DEPLOYING & UPSKILLING

 

Effective talent deployment is another method for minimizing the tech talent shortage. Companies should optimize their existing workforce by taking inventory of available digital talent, and deploying those with tech skills to essential key roles while training them to further advance their competencies.

On upskilling, organizations can organize peer mentoring or coaching sessions, where team members with digital tech skills are able to help hone the desired talents in other employees. It should be noted that mentoring may take considerable time before the skills are adequately learnt and applied, but is one of the least costly ways to upskill the workforce.

 

LEARNING & DEVELOPMENT (L&D)

 

Research found that 83% of workers global-wide want their leaders to provide opportunities to learn new skills whereas more than two-thirds wish their companies would increase the budget for digital skills development. These findings indicate that workers feel their employers are not doing enough to drive the talent growth of the staff.

Enterprises should ensure that their internal training anticipates upcoming shifts in technology, and be aware of the skills needed to meet digital transformation across the board. For instance, Adobe conducts its own skills-growth training for employees, offering intense machine learning training programs to both technical and non-technical staff.

 

  • New Sources Of Talents

 

As mentioned earlier, it’s a global race to attract the best tech talents.

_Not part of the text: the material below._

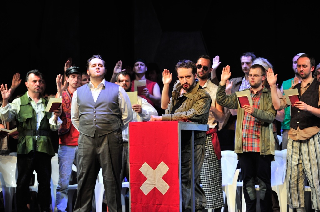 Эти слова и впрямь не расходятся с делом. Несмотря на минимализм театральной «меблировки» и наивную иллюстративность сценографии, а также весь гардероб спектакля, кажущийся востребованным из театральной подборки, оставшейся от самых смелых радикальных постановок XX века, общий визуальный ряд обсуждаемого «Вильгельма Телля» проникнут несомненно мощным психологическим драйвом и чрезвычайно силен по своему эмоциональному воздействию. Мизансцены, пластика и хореографическая составляющая спектакля, вместе взятые, хотя и выглядят достаточно брутальными, вполне реалистичны, правдивы и, самое главное, не выходят за границы здравого смысла, рассказывая именно тот сюжет и донося до слушателя именно ту музыкальную историю, которая изначально была заложена в партитуре. В обстановке импровизированного театра-павильона, в условиях «спектакля на водах», происходящее на сцене – вневременнóе по своей сути и местами всё же несколько эпатажное – оказывает на зрителя явно отрезвляющее, я бы сказал, терапевтическое воздействие.

In an increasingly shallow pool of talent with industry sharks swiping top IT professionals, firms must seek other sources of talents to progress their digital transformation.

 

MINORITY TALENT GROUPS

 

Salesforce’s President, Miguel Milano, wrote that businesses should tap into underutilized seas of talents, such as minority groups and those without college education. Howard Elias, President of Services and Digital at Dell Technologies, corroborated with Milano’s statement, stating that Dell seeks to hire those who are traditionally underrepresented in tech, which include women, people with autism, and other groups largely excluded from the industry.


 

“Diversifying teams does more than solve a shortage of workers, it also makes good business sense,” Elias mentioned, citing McKinsey’s recent study that discovered companies with higher gender and ethnic diversities are more likely to record better financial returns

 

VARYING EXPERIENCE LEVELS

 

The Wall Street Journal, on the other hand, revealed how older IT professionals are being passed over by employers for much younger talents, despite the shortage of IT workers. The reasons behind the choice range from lack of skills in the artificial intelligence (AI) era to the cost of compensation packages. 

However, the Executive Vice President of Robert Half, John Reed, believed that, “hiring managers can’t afford to overlook any potential talent pool” as companies will lose the advantage of having a team with varying experience levels to tackle different tech issues.

 

GIG ECONOMY

 

Another talent source is the gig economy. The emergence of the gig economy, or contract work, has significantly changed the traditional work dynamics, being dubbed as the ‘future of work’.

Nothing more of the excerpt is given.